One-third (33 per cent) of American employees believe safety takes a back seat to productivity at their organizations — a percentage that is even higher among employees in high-risk industries, according to a survey by the National Safety Council.
Sixty per cent of respondents in the construction industry and 52 per cent of those working in agriculture, forestry, fishing and hunting, felt safety was less of a priority than finishing tasks, found the survey of 2,000 workers.

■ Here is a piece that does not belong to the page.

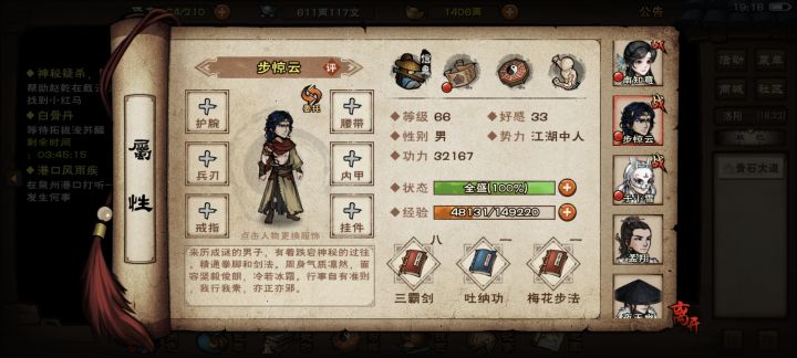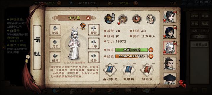 真得有个5,6年没好好玩了,也就刚出那会玩的最爽,玩的时候也是一直走错路,刚玩没多久苍狼出了判门去苍狼,后来倒是也把少林秘籍补全了,那会才高中,学业加2小时未成年限制实在玩不动,之后就是个半退游状态(国庆和过年上线领领奖励),夜无幽上线的时候看着很强,养成之后似乎一直在拖队伍后腿,苍狼时期队伍将近80万战力一点打不过枯骨(被压着打),后来看着出新门派了又胡乱判门,现

These findings are particularly alarming because those industries are first and second when it comes to the number of occupational deaths each year in the United States.

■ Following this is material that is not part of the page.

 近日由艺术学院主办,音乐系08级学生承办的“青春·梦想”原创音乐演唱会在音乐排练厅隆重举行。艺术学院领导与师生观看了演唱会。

Six in 10 (62 per cent) construction workers and those in agriculture, forestry, fishing and hunting, believe management does only the minimum required by law to keep employees safe, found the survey.
And 61 per cent of employees in the agriculture, forestry, fishing and hunting industry say there is resistance to working safely among employees
“Every employee deserves a safe workplace,” said Deborah A.P. Hersman, president and CEO of the National Safety Council. “While some of our findings were encouraging, others were a stark reminder of how far we still have to go to ensure safety is every employer’s highest priority.”
Nearly one-half (49 per cent) of temporary and contract workers, and 41 percent of employees working in healthcare settings, said they were afraid to report safety issues.
Seventy per cent of employees said safety training is part of their orientation and that employee health and well-being is promoted at work.
The number of workplace deaths in 2014 was as high as it has been since 2008, according to data from the U.S. Bureau of Labor Statistics. More than 4,800 workers died from incidents such as car crashes, slips, trips and falls, contact with objects or equipment and exposure to harmful substances.